PoultryNet Streamlines Access to Poultry-Related Materials on the Web
PoultryNet, a website built with
a powerful search engine at its core, is designed to improve the way poultry professionals
reach poultry-related information on the World Wide Web. PoultryNet’s search engine
scours over 1,200 hand-picked poultry-related websites each week placing over 50,000
documents at the poultry professional’s fingertips.
PoultryNet’s search tool is similar to Yahoo’s and Infoseek’s. Like these more popular search engines, it searches through Internet-based documents for terms that the user enters. PoultryNet is vastly different from these search tools, however, in that its scope is strictly limited to poultry-related websites.

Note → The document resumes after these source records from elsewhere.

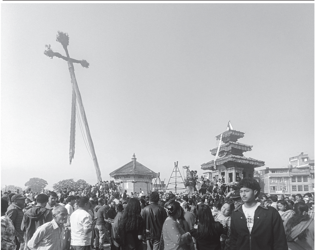
नयाँ वर्ष वैशाख १, २०८३ को बिहान भक्तपुरको भेलुखेलमा अघिल्लो साँझ ठड्याइएको योसिँधो र भैरवनाथको रथसँगै जात्रालुहरू ।

यसकारण, हतारिएर नयाँ काम गर्दाको कस्त आउनेछ भन्नेबारे छलफलपश्चात् मात्रै काम थालेमा विवाद कम होला भन्ने हाम्रो ठम्याइ हो ।
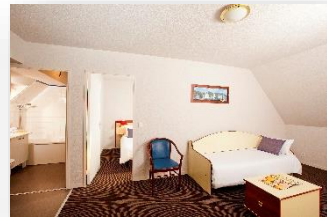
Apartamento dúplex 6 personas
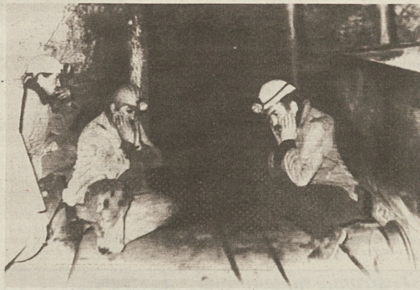
Nemoč delovnih tovarišev pred rudniškimi okni

ANKARA — Eksplozija treskavih plinov v rudniku lignita Yeniceleek pri Merzifonu (340 kilometrov severovzhodno od Ankare) je predpovednim povzročila pravo tragedijo. Reševalne ekipe so iz gorečih jaškov povlekle dva težka ranjena in devet trupel, usoda drugih 58 rudarjev, ki so ostali v jaških 350 metrov pod površjem pa je po mnenju izvedencev zaprečena. Po eksploziji je namreč izbruhnil požar, ki ga niso še pogasili, kljub temu da so nepropustno zaprli vsa rudniška okna. V rovih je koncentracija ogljikovega monoksida taka, da človek podleže v dveh minutah, tako da so oblasti prepovedale reševalcem, da se za 48 ur spustijo v jaške.
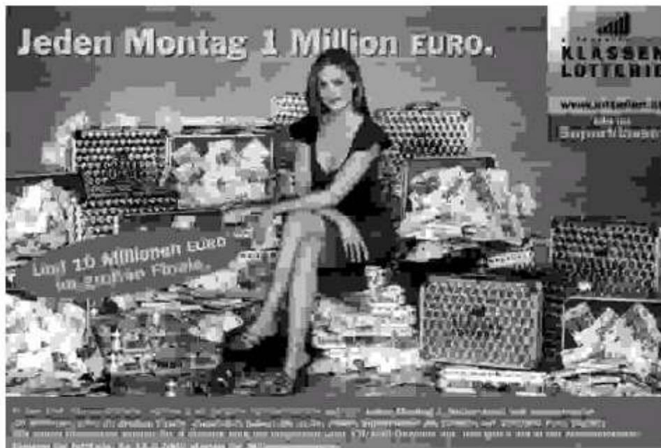
Abbildung 1, aus: News, 2. Mai 2002, S. 189
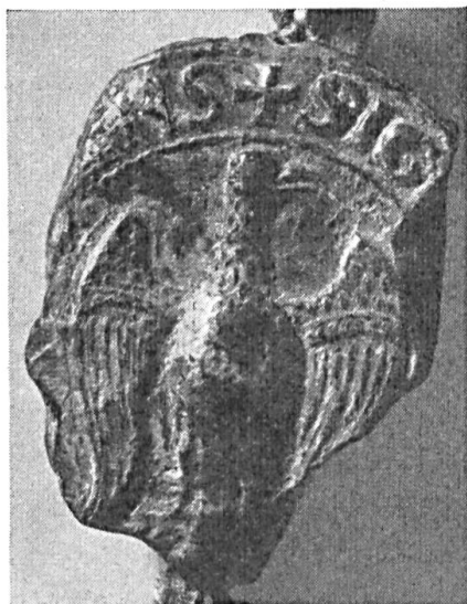
Fig. 77. Sceau d'Eustache I, châtelain de Lens, 1206.

Les deux sceaux d'Eustache, châtelain de Lens (1169 - 1209) portent encore l'aigle sans écartelé : le grand sceau de 55 mm. est appendu à un acte de janvier
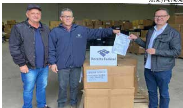
Equipamentos foram repassados ao prefeito Jair Giumbelli (D) terça-feira

Esses materiais serão repassados para alguns setores da administração. Já os veículos serão legalizados e destinados às secretarias para atendimento à população. "São doações que auxiliarão o município a economizar em alguns investimentos e também a melhorar o atendimento à população", disse o prefeito.
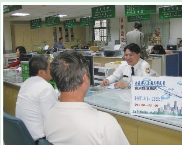
▲內政部入出國及移民署於台東縣榮服處設置服務台服務榮民。
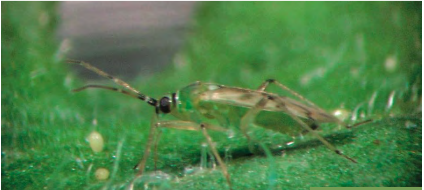
Adulto de Nesidiocoris tenuis .
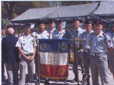
Le chef de corps et les caporaux-chefs du 22 o devant le drapeau.
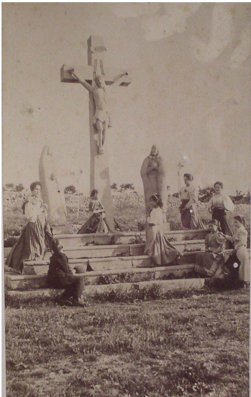
Senjska kalvarija, 19./20. st.
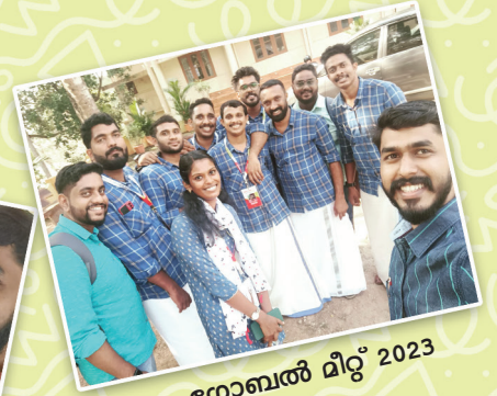
ഗ്ലോബൽ മീറ്റിംഗ് 2023

PoultryNet’s research focus has centered on understanding current Internet search technology to fill the gaps left by today’s search tools. One of the largest frustrations with the Internet is information overload; typing the term “poultry” into a major search engine will reveal thousands of links to websites not all of which appear to be related to poultry. Because the major search engines are search tools for all information on the Internet, the user is often plagued by too many unrelated results. For example, if you would like to understand the use of ozone in growout houses, many major search engines would return a list of results peppered with links that are not relevant, but which contain, none-theless, the search terms provided. For example, if the above search is performed on one major search engine, the first result returned is about alligator farming. Interesting, but irrelevant. Nevertheless, popular search tools are important for finding information on the Internet (see sidebar for guidelines for mining information with these tools).
PoultryNet’s Automation Process When someone performs a search on PoultryNet, he/she enters a search term or phrase and receives a list of results. What the user does not see are two highly automated processes underneath: data gathering and data filtering.
PoultryNet first gathers information from other websites by automatically visiting over 1,200 websites once a week and pulling down the most pertinent poultry-related information from each website. The text from these documents is then stored in a database on PoultryNet, which currently houses over 50,000 documents. For the most part, this section is fully automated; the one area that requires human intervention is determining which sites to visit. PoultryNet team members constantly search for new poultry-related websites, and there is also a link for PoultryNet users to submit a site that the team may have overlooked.
Once the user asks PoultryNet to search for a set of terms, PoultryNet matches those terms against the text of all 50,000 documents in its database. This process, data filtering, is automation at its finest: matching search terms against a pool of 50,000 documents takes seconds for PoultryNet but would take days for the average person. The filtering process doesn’t end there, though. Once PoultryNet has found all the matches it can find, it then sorts all of those matches and returns the most relevant matches first. The most relevant documents are those with the most occurrences of the user’s search term or terms in the title, address, and body of the document. Without these two automatic processes, we wouldn’t have the sophisticated Internet search engines we enjoy today.
PoultryNet’s advanced search tool also assists its users by helping them communicate with its search engine. Communicating with a search engine is similar to walking up to a reference librarian, saying “double yolk,” and expecting him/her to produce a number of documents pertaining to double yolks. Most reference librarians will ask for clarification, which is what PoultryNet’s advanced search page does. The goal of the advanced search interface is solely to tease clarification from the user by offering the user a number of options: The user may type a free text query, generate other search terms, select boolean terms (like AND and OR) to connect search terms, include part of the document’s address (.edu if the user wants something only from an educational institution), or supply a range of dates in which the document was last modified. The advanced search page helps the user communicate with the search engine by guiding that person toward creating a search query that yields the best search results.
PoultryNet’s research focus continues to be that of decreasing the gap between the information the industry professional needs and the information available on the Internet. Just about any piece of information a user could ever need related to his/her business is out there; the difficult part is finding and acquiring it.
Tom McKlin, research scientist in GTRI’s Intelligent Machines Branch, contributed this article.